Hamas and Fatah officials held a three-hour meeting in Gaza on Wednesday in what officials described as a "positive" atmosphere.
Head of Fatah's negotiation team Azzam al-Ahmad said after the meeting that talks will continue and officials will abide by a five-week deadline to form a unity government.
Mousa Abu Marzouq, head of the Hamas negotiating team, said the talks would be finalized next week and a unity government would be announced shortly afterwards.
The proposed candidates for the unity government are politically "impartial," Fatah official Fayez Abu Atiyeh told Ma'an, with Hamas spokesperson Sami Abu Zuhri adding that the formation of a proposed unity cabinet is nearly complete.
Earlier, Gaza prime minister Ismail Haniyeh said that he believed the unity government would achieve its goals and "our mission is to make it succeed and to mobilize our people behind its national goals."

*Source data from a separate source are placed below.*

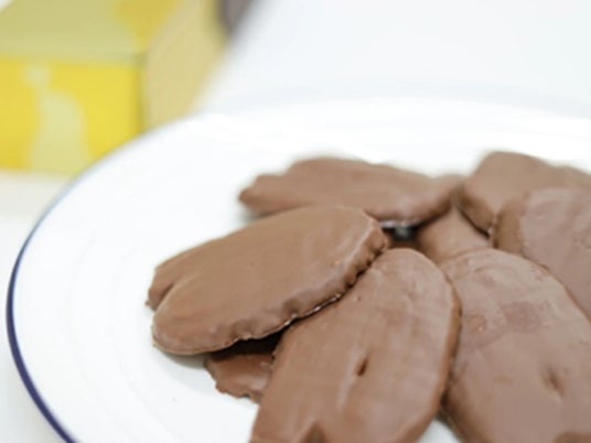 「パイ」なのに「せんべい」と思う不思議な食感と砂糖の甘みや香ばしさを味わいながら、時折しょっぱさを感じる味のハーモニーが楽しい「信長のエビしょっぱい」期間限定商品チョコレート掛けを特別販売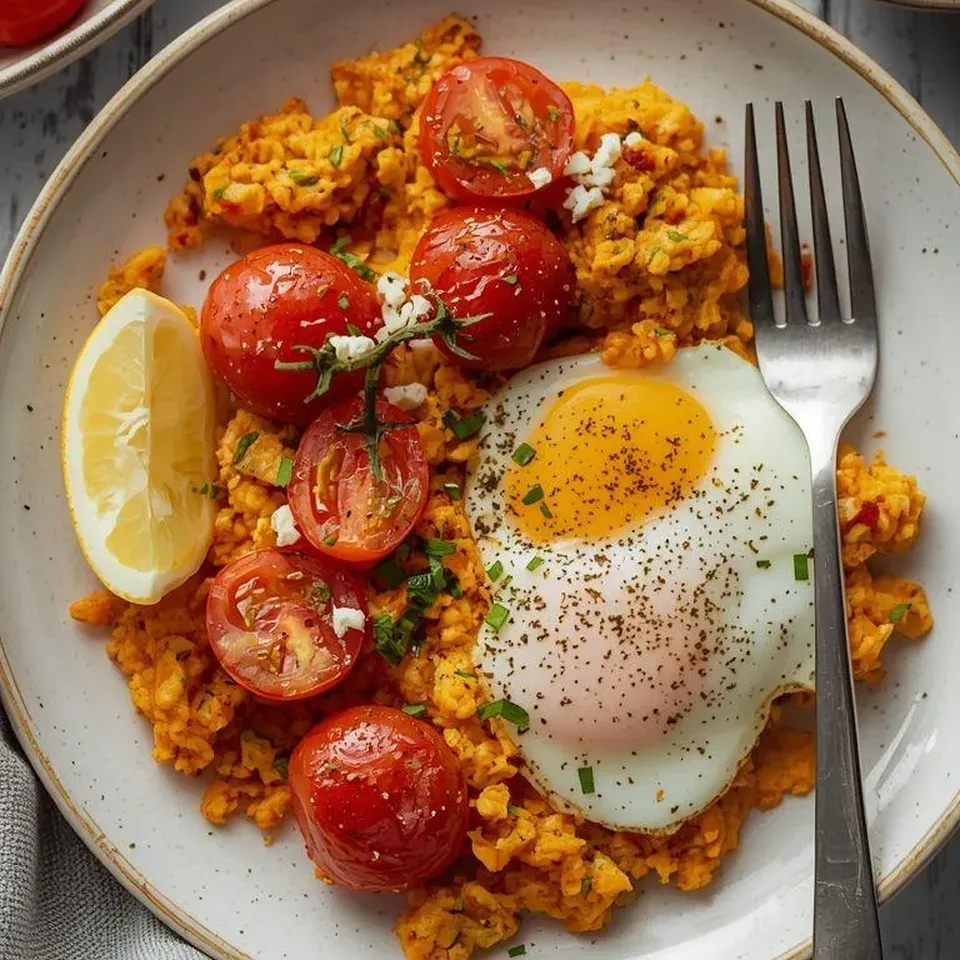 Jajecznica z pomidorem i kabanosem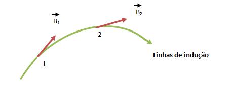 Para sabermos quando ele está sendo representado basta olharmos para as linhas de indução, pois elas são desenhadas, tangenciando a linha em cada um dos seus pontos.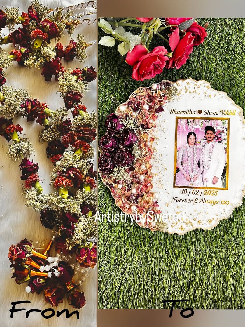 Your love story, from the engagement to the wedding day and all the anniversaries after, deserves to be celebrated. I preserve your most romantic memories, like wedding varmalas and engagement flowers, in custom photo frames, elegant clocks, and personalized plaques that you can cherish for a lifetime.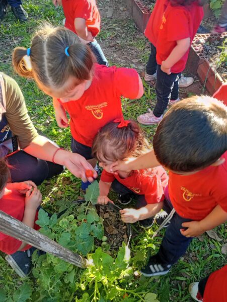 Acompañados por sus docentes, los niños y niñas de las salas de 1, 2, 3 y 4 años recorrieron la huerta didáctica demostrativa del Instituto Agrotécnico, donde reconocieron las especies que la integran como así también plantas aromáticas y flores.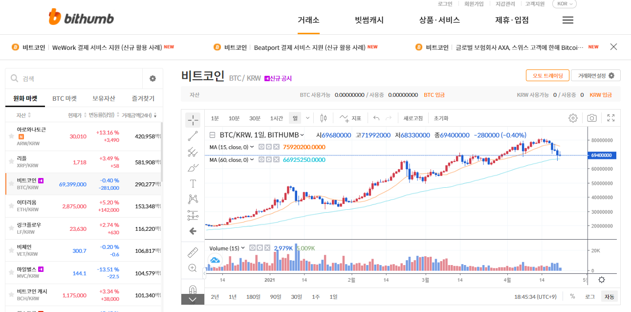 있다. 빗썸이 조금은 더 많은 코인 거래를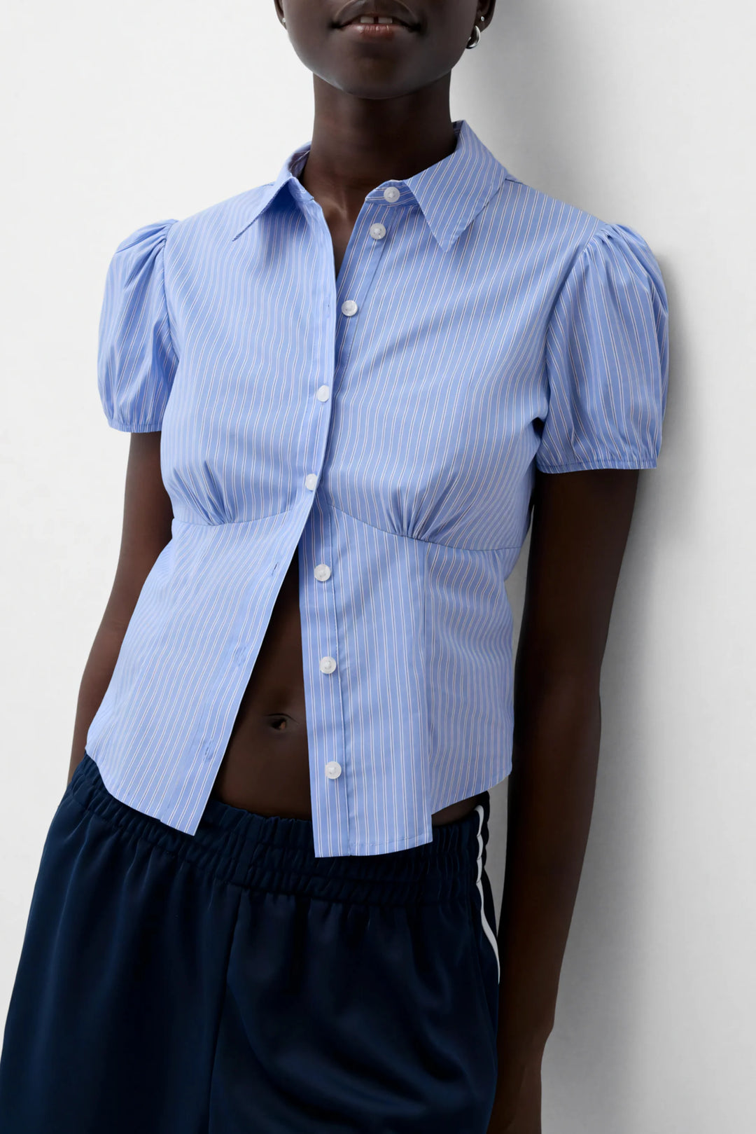 A fresh take on a classic button-up, the Short Sleeve Poplin Shirt brings effortless style with a hint of femininity. Featuring soft puff sleeves, a flattering cinched waist, and crisp stripes, it’s designed for the modern woman who loves a polished yet relaxed look.
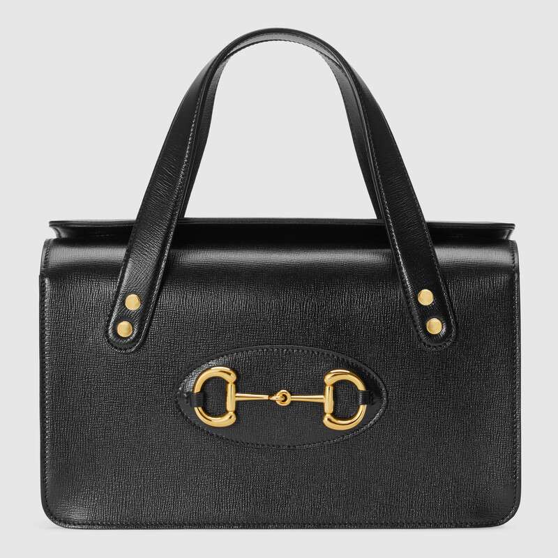 - 627323 Gucci Horsebit 1955小號(hào)馬銜扣手提包 復(fù)古風(fēng)格織紋皮革 黑色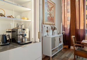 seating and wine/beverage fridge. Convenient hideaway coffee station. Walnut cabinet interiors with Wolf and SubZero

"We will clean the road to reconciliation from all obstacles and landmines, and I hereby call on our brothers in the West Bank to take the same path and to maintain freedoms," he said, while addressing Gaza members of the Palestinian Legislative Council.
On April 23, the Fatah-led PLO and Hamas announced a national unity deal to end seven years of political division between the largest two Palestinian parties, with a national unity government to be set in place within five weeks.
The groups have made failed attempts at national reconciliation for years, most recently in 2012, when they signed two agreements -- one in Cairo and a subsequent one in Doha -- which have as of yet been unimplemented.